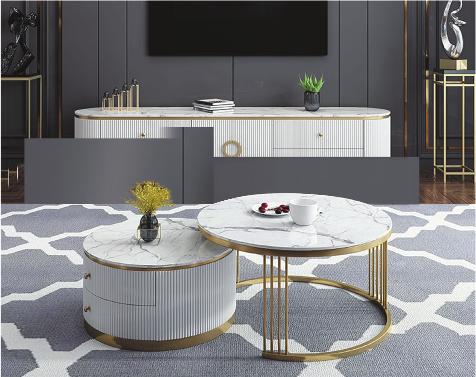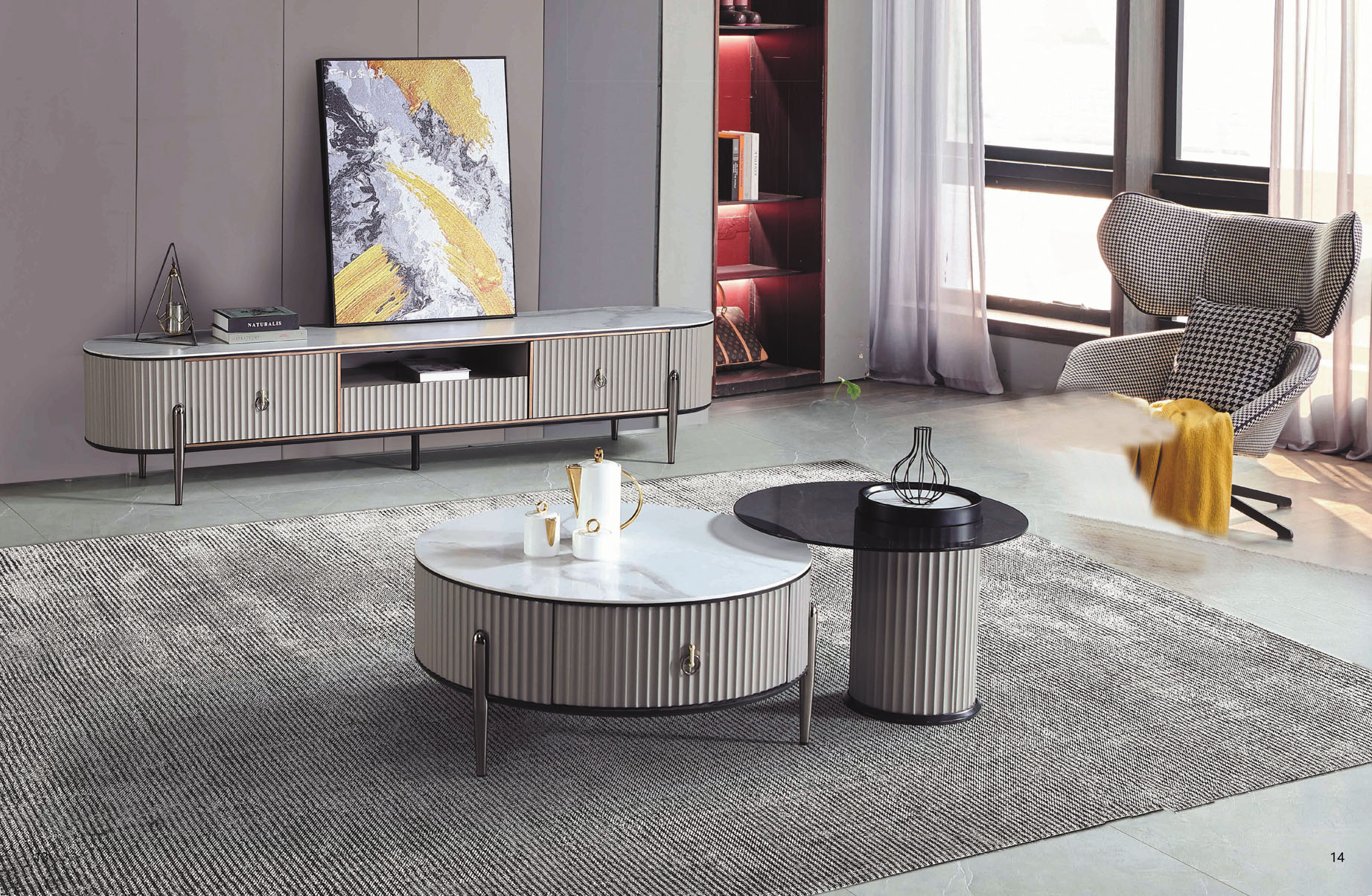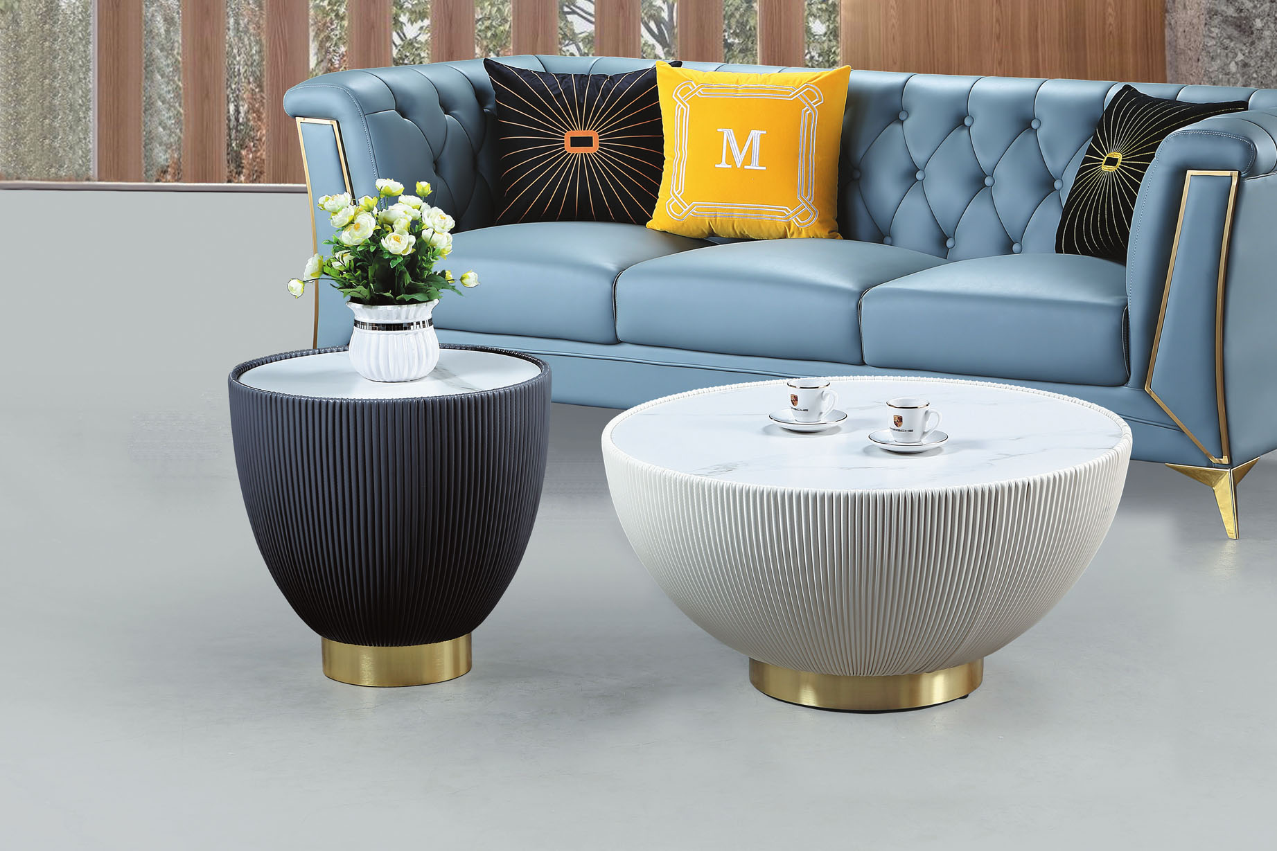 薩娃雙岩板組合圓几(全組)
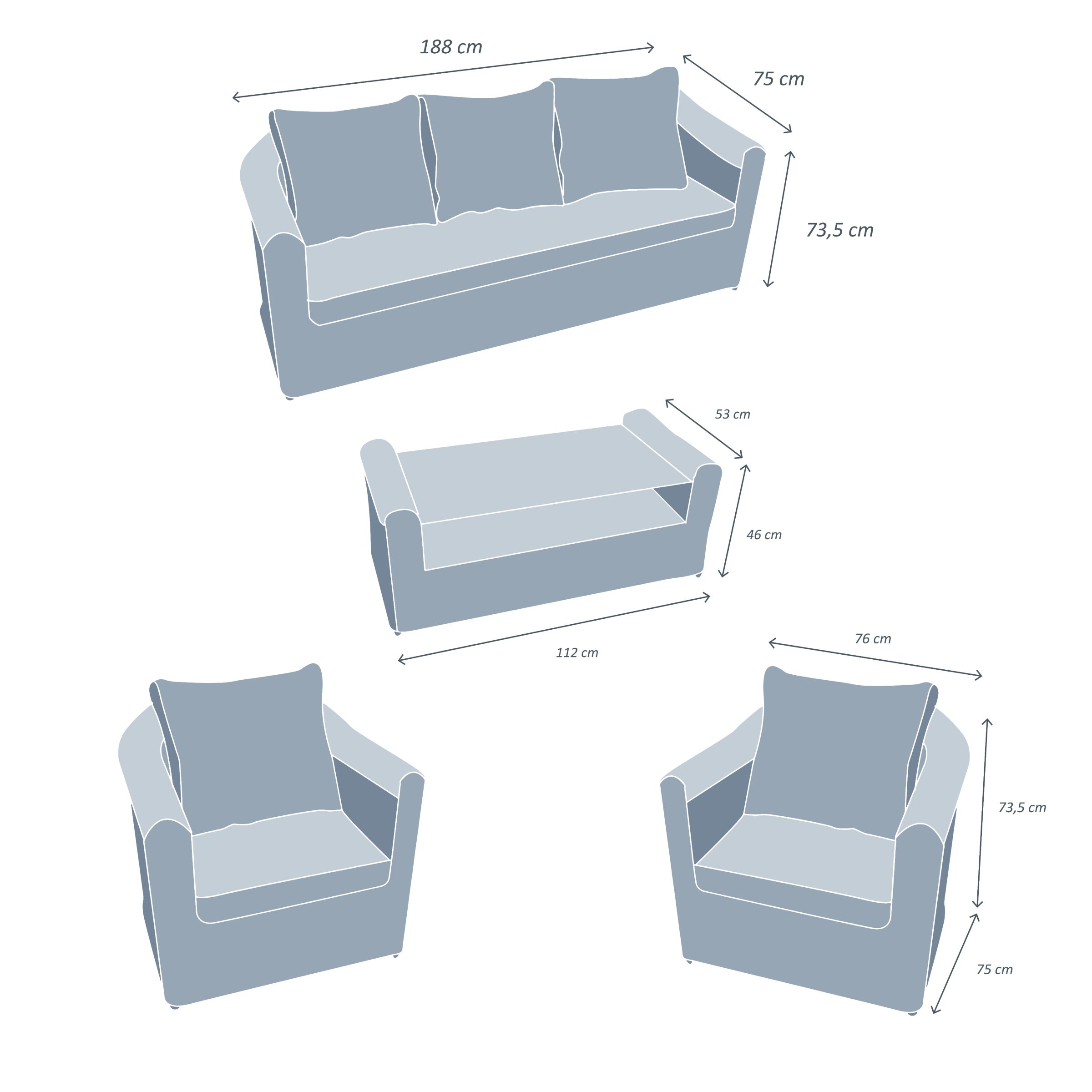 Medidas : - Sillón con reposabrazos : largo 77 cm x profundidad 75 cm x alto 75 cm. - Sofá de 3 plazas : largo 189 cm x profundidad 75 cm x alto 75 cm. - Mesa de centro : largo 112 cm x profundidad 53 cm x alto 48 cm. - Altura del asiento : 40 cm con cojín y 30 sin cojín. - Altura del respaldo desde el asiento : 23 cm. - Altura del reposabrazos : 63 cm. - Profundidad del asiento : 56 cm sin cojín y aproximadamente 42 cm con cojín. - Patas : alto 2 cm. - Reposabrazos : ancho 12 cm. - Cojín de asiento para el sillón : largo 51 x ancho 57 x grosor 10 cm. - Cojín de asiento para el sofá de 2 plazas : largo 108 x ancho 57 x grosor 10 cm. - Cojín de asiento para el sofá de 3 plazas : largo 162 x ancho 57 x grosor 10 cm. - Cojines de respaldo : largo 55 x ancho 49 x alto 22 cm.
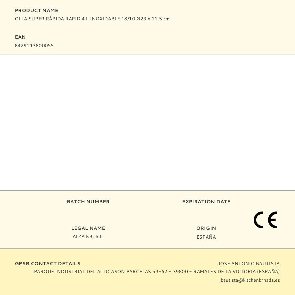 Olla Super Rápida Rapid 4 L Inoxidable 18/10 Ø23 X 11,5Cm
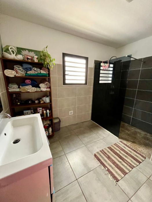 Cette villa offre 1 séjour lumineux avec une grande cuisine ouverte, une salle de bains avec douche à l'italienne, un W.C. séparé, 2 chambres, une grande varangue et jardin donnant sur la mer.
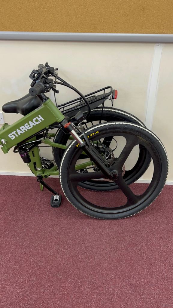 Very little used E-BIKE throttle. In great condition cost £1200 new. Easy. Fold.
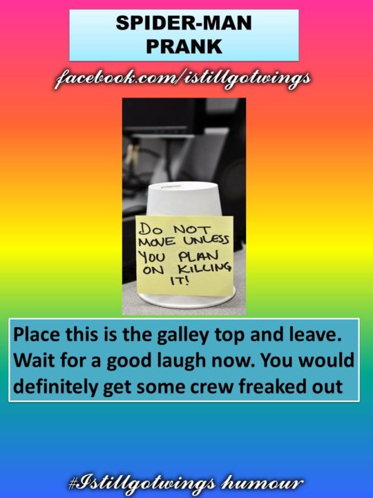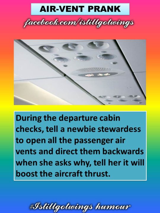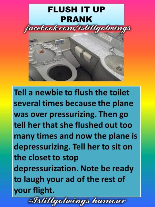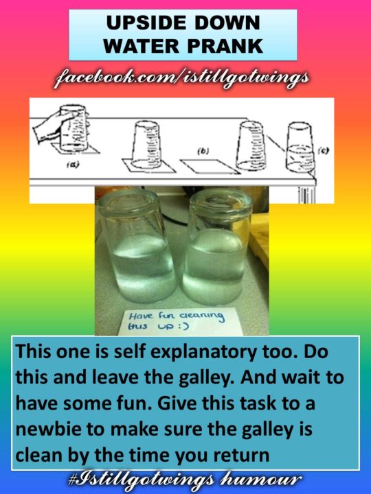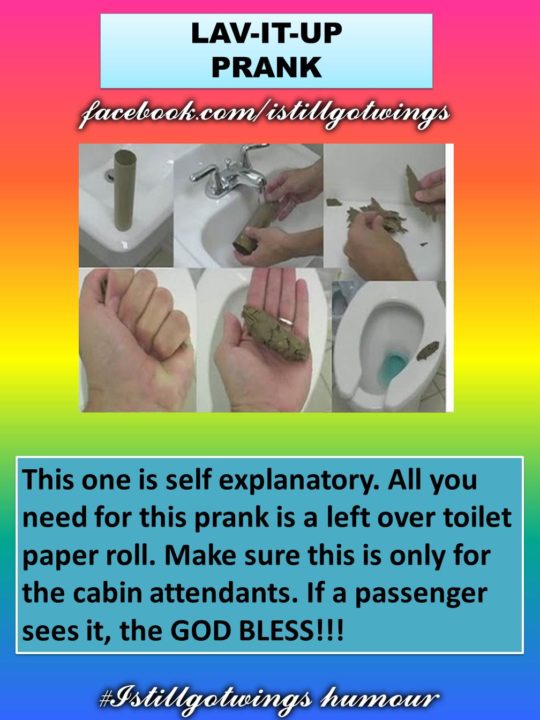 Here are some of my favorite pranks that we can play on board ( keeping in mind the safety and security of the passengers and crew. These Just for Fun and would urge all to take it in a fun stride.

Problem requirements => Copy out all the data above exactly as written. Skip the pictures.

Solved exercise =>
 薩娃雙岩板組合圓几(全組)
 Medidas : - Sillón con reposabrazos : largo 77 cm x profundidad 75 cm x alto 75 cm. - Sofá de 3 plazas : largo 189 cm x profundidad 75 cm x alto 75 cm. - Mesa de centro : largo 112 cm x profundidad 53 cm x alto 48 cm. - Altura del asiento : 40 cm con cojín y 30 sin cojín. - Altura del respaldo desde el asiento : 23 cm. - Altura del reposabrazos : 63 cm. - Profundidad del asiento : 56 cm sin cojín y aproximadamente 42 cm con cojín. - Patas : alto 2 cm. - Reposabrazos : ancho 12 cm. - Cojín de asiento para el sillón : largo 51 x ancho 57 x grosor 10 cm. - Cojín de asiento para el sofá de 2 plazas : largo 108 x ancho 57 x grosor 10 cm. - Cojín de asiento para el sofá de 3 plazas : largo 162 x ancho 57 x grosor 10 cm. - Cojines de respaldo : largo 55 x ancho 49 x alto 22 cm.
 Olla Super Rápida Rapid 4 L Inoxidable 18/10 Ø23 X 11,5Cm
 Cette villa offre 1 séjour lumineux avec une grande cuisine ouverte, une salle de bains avec douche à l'italienne, un W.C. séparé, 2 chambres, une grande varangue et jardin donnant sur la mer.
 Very little used E-BIKE throttle. In great condition cost £1200 new. Easy. Fold.
 Here are some of my favorite pranks that we can play on board ( keeping in mind the safety and security of the passengers and crew. These Just for Fun and would urge all to take it in a fun stride.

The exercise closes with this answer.